TL;DR - Using AI manually means you prompt and it responds. Automation means systems run without you. The skill is judging what to automate - frequent, rule-based, low-judgment tasks - and what to leave alone.
Why it matters
Many people automate too early or too much, then spend more time fixing brittle workflows than they saved. Good judgment about candidates is the whole game.
Worked example - sort your tasks
"Log every contact-form submission to a sheet and Slack me." -> automate (frequent, rule-based, clear trigger).
"Draft a tricky reply to an upset customer." -> use AI manually (needs your judgment).
"Decide our pricing." -> keep fully human (high-stakes, rare).

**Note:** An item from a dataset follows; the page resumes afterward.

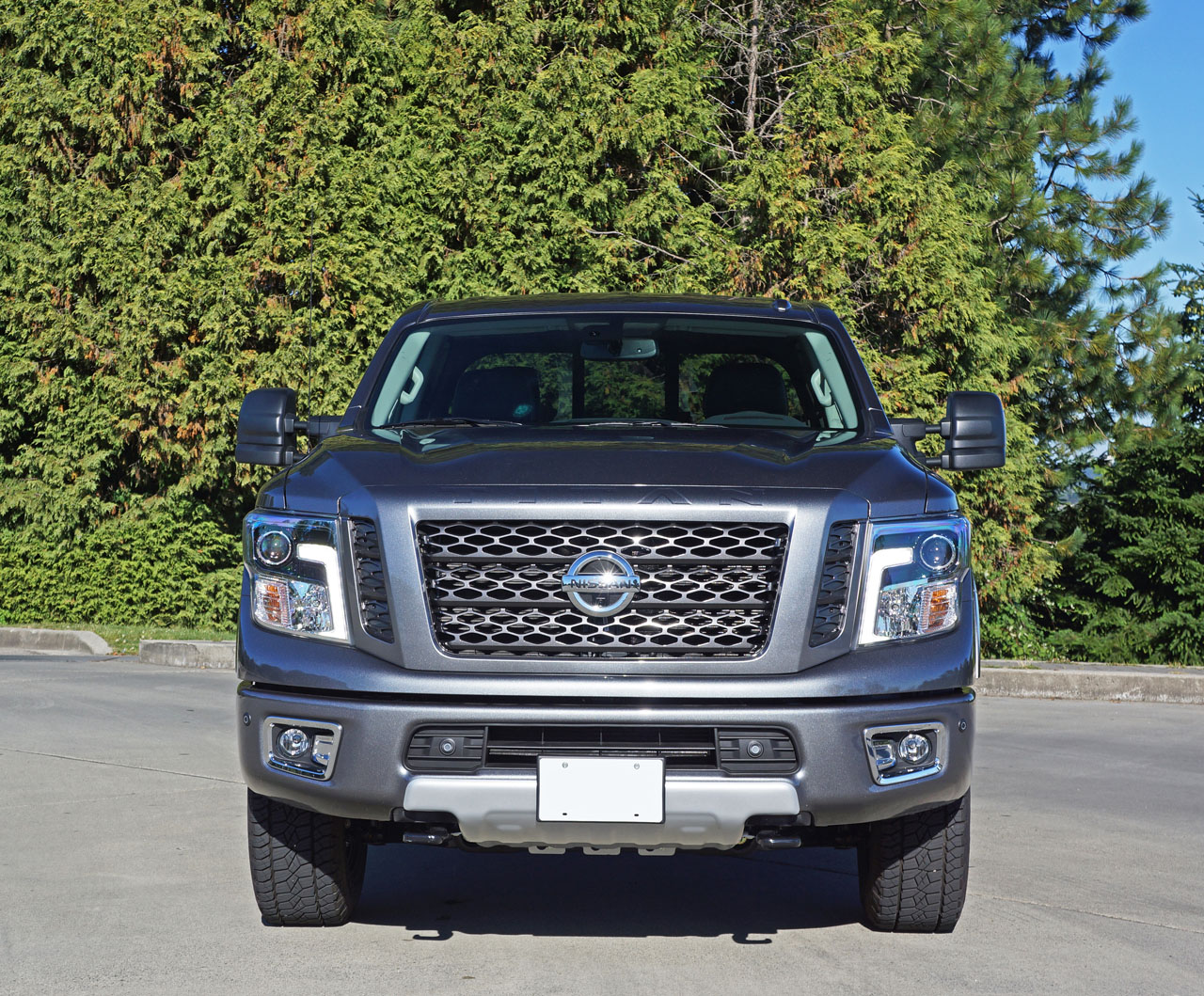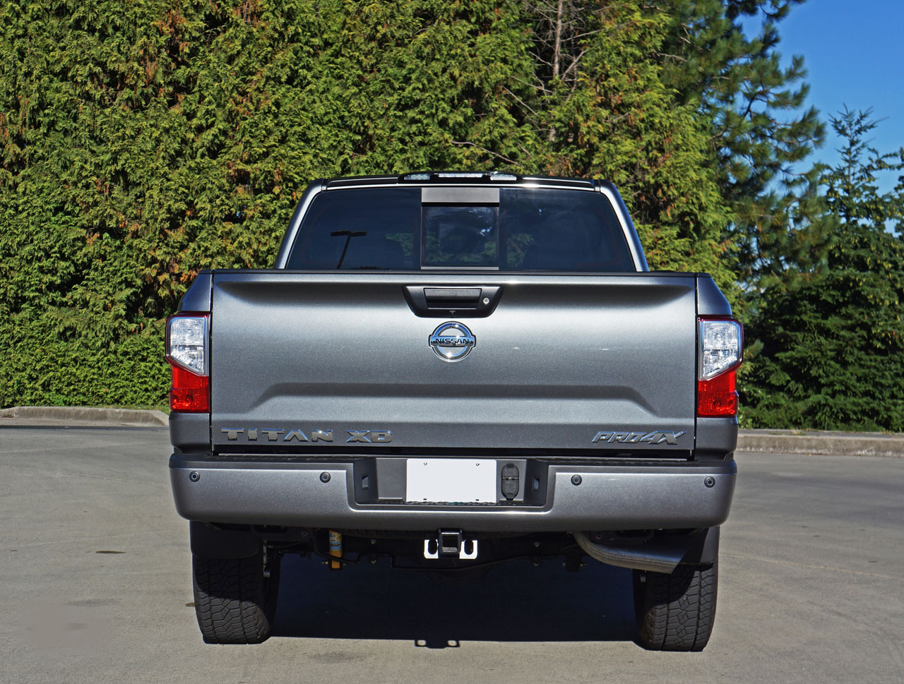 275/65R18 General Tire Grabber APT all-terrain rubber (a relatively quiet A/T tire with good four-season capability), plus an electronic locking rear differential, Bilstein off-road performance shocks, transfer case and lower radiator skid plates, a body-color grille, bumpers, and wheel arches (Gun Metallic painted front and rear bumpers plus side cladding on certain colors is a no-cost option), a factory-applied spray-on bedliner, auto on/off headlamps, fog lamps, LED DRLs, powered heatable side mirrors with integrated turn signals and puddle lamps, proximity access with pushbutton ignition, rain-sensing wipers, a leather-wrapped multifunction steering wheel, dual-zone auto HVAC, rear A/C vents, a 7.0-inch infotainment touchscreen with a rearview camera, navigation, voice recognition, mobile apps, and Siri Eyes Free, as well as a center console-mounted 110-volt power outlet, an eight-way powered driver’s seat, “PRO-4X” embroidered seatbacks, blind-spot warning, rear cross-traffic alert, and more.

Steal this - the automation test
Automate a task only if it's mostly YES on:
1. Do I do it often? (daily/weekly)
2. Same steps each time?
3. Clear trigger (an email, a form, a schedule)?
4. Low judgment?
The AI pattern: trigger -> AI understands/transforms -> action.
Common mistakes (and the fix)
- Automating rare or judgment-heavy tasks. Fix: keep those manual.
- Boiling the ocean. Fix: automate one annoying step reliably first.
- No monitoring. Fix: a silent failure can be worse than doing it by hand (covered later).
Good to know
Automation lives in Zapier, Make, and n8n (next lessons). Plain automation just moves data; adding an AI step (classify, summarize, draft) is what makes it intelligent - the theme of this level.